心瑶揶揄看慕景玄,心底有些失落,却还是强颜欢笑。“怎样我猜对了吧!”
慕景玄僵着脸不悦地瞪她,“你猜对了很高兴是不是”
“没有。”她可是做梦都想嫁给他。
见他怒火骇人,心瑶忙避开他太过锐利的眼睛,不着痕迹从他手中抽了手,双手伸向太监,口中喊道,“吾皇万岁万岁万万岁!”
太监两手把圣旨放在她手上,尴尬地看了眼慕景玄铁青的脸色,忙尖细着嗓音巧笑道,“柔嘉郡主大喜!”

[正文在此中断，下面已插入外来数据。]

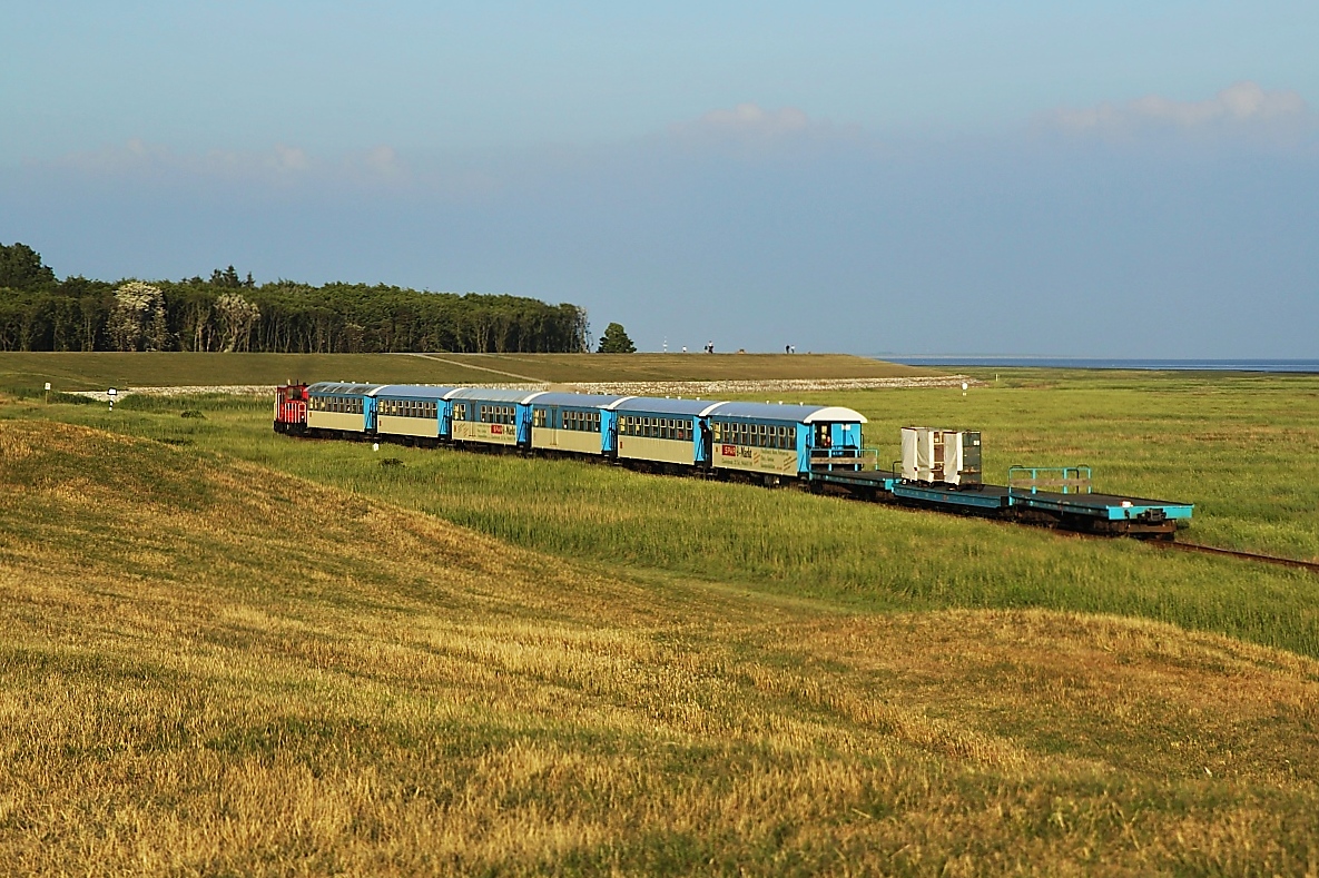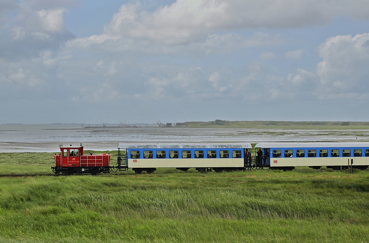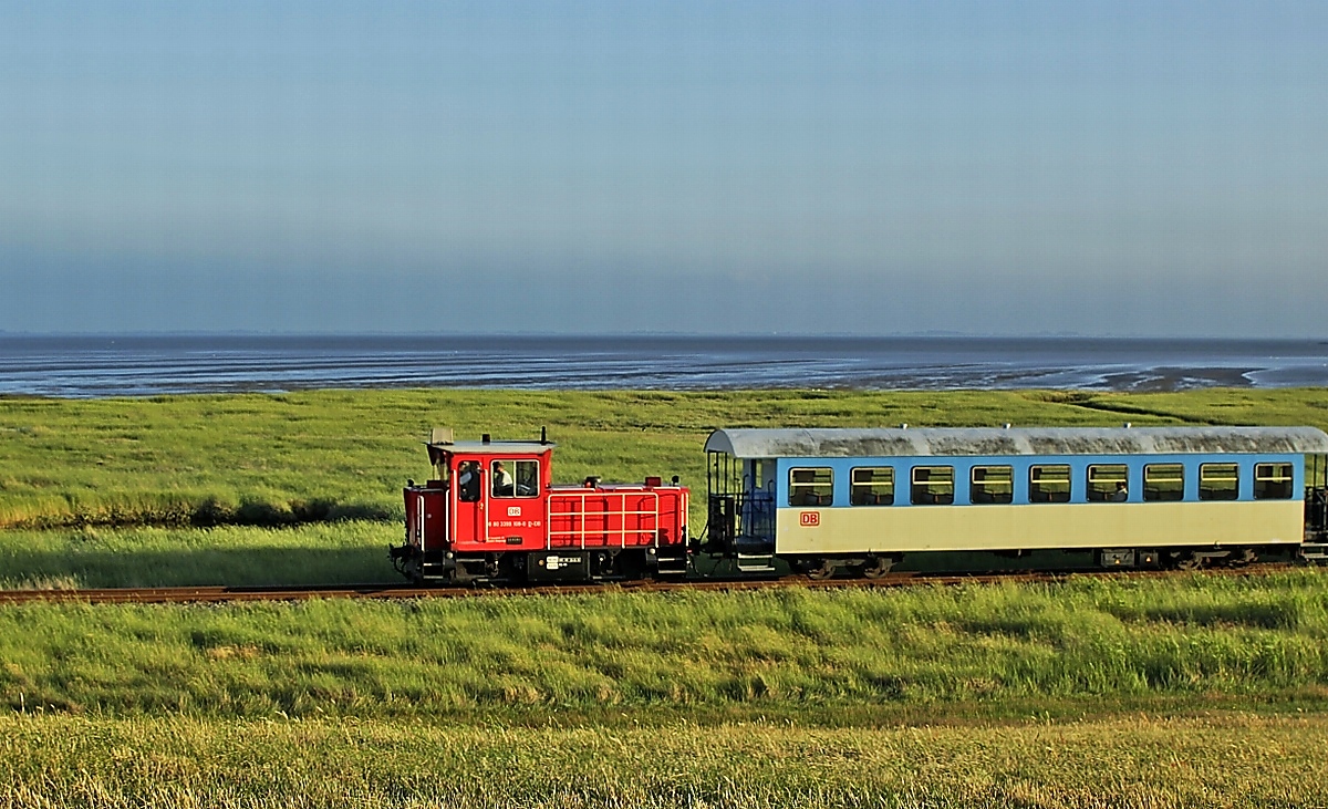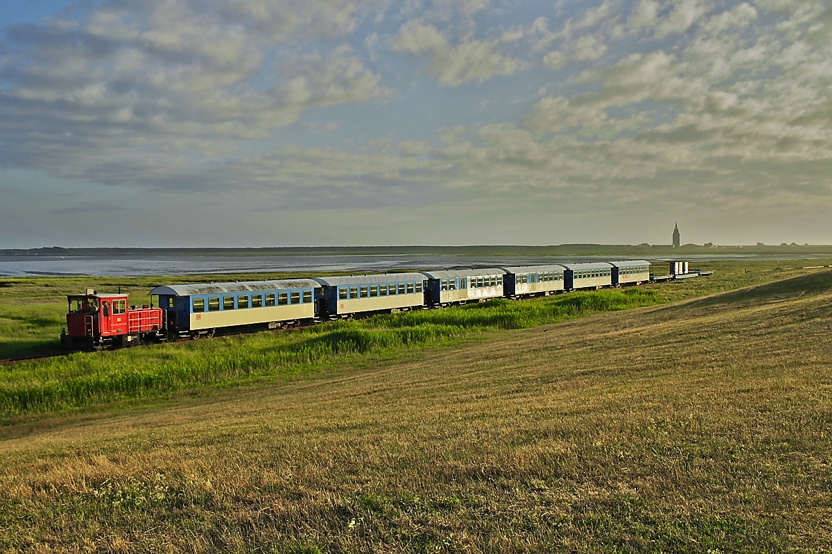 An einem der längsten Tage des Jahres, dem 20.06.2018, ist 399 108-0 mit dem abendlichen Zug vom Anleger in Richtung Wangerooge Ort unterwegs. Gerade rechtzeitig rissen die Wolken auf, so dass der Zug von der langsam untergehenden Sonne angestrahlt wurde.

慕景玄却丝毫未觉得有什么喜庆。他窝火地站起身来,直接从太监手上夺过那份让自己更名换姓的圣旨,粗略扫了一眼,当即就想把圣旨扔掉。
心瑶忙从他手上抢过圣旨,仔细收在箱子里。
太监却从旁不肯告退,只等着心瑶拿银子打赏自己,见她迟迟没有取银子,忙又讨巧地说道,“郡主倾国倾城,且颇有福相,不只与玉贵妃娘娘和柔萱公主长得有几分相似,这封号,也与柔萱公主的名字像极了亲姐妹,陛下待郡主真是视如己出……”
慕景玄勃然大怒,抬掌便掴在太监脸上……
啪——太监被打得跌在地上,疑惑抬头,正对上男子阴鸷的鹰眸。他不明白自己说错了什么,竟惹得这位爷,如此大动肝火。“太子殿下息怒!奴才该死……奴才罪该万死!”
心瑶惊得脸儿惨白,“景玄你做什么”
不过就是没下赐婚圣旨,他至于这样么
心瑶忙抓住慕景玄的手臂。“这位小公公不过是讨好我,也没说别的呀!”
若仅仅是因为太监的这番话,他实在没有必要这样震怒,他却怒了,还满眼的杀气,仿佛太监说了什么大逆不道的禁言。这到底是为何
慕景玄唯恐她多想,忙反手扣住她的手,冷斥跪趴在地上的太监,“别在让本宫看到你,也别到郡主面前来自讨没趣,否则,本宫将你碎尸万段!滚——”
“是!”太监手脚并用地爬出车厢的窄门。
心瑶略松了一口气,却见慕景玄看着自己,眸色深冷,愈加骇人。
“怎么……还在生气呢”
慕景玄握住她的肩膀,只想撬开她的脑子,看她到底在想什么。
他已然做到这一步,她只要应一声,事情就成了。
“江心瑶,你为北月出谋划策解救旱灾,未来太子妃之位,是你应得的。”
心瑶这才发现,自己所走的每一步,都在他的摆好的棋局中。
这出谋划策,还有救拓拔柔萱,让她步步立功,竟都是他安排好的。
“景玄,昨晚我不过是对你舅父举荐了你,并没有出谋划策。你看到那折子之后就想亲自去解决灾情,因你舅父厌恶我,所以你把功劳让给我,让你舅父认定我是能配得上你的女子,又想让他看到,你我之间的默契和同甘共苦的决心……”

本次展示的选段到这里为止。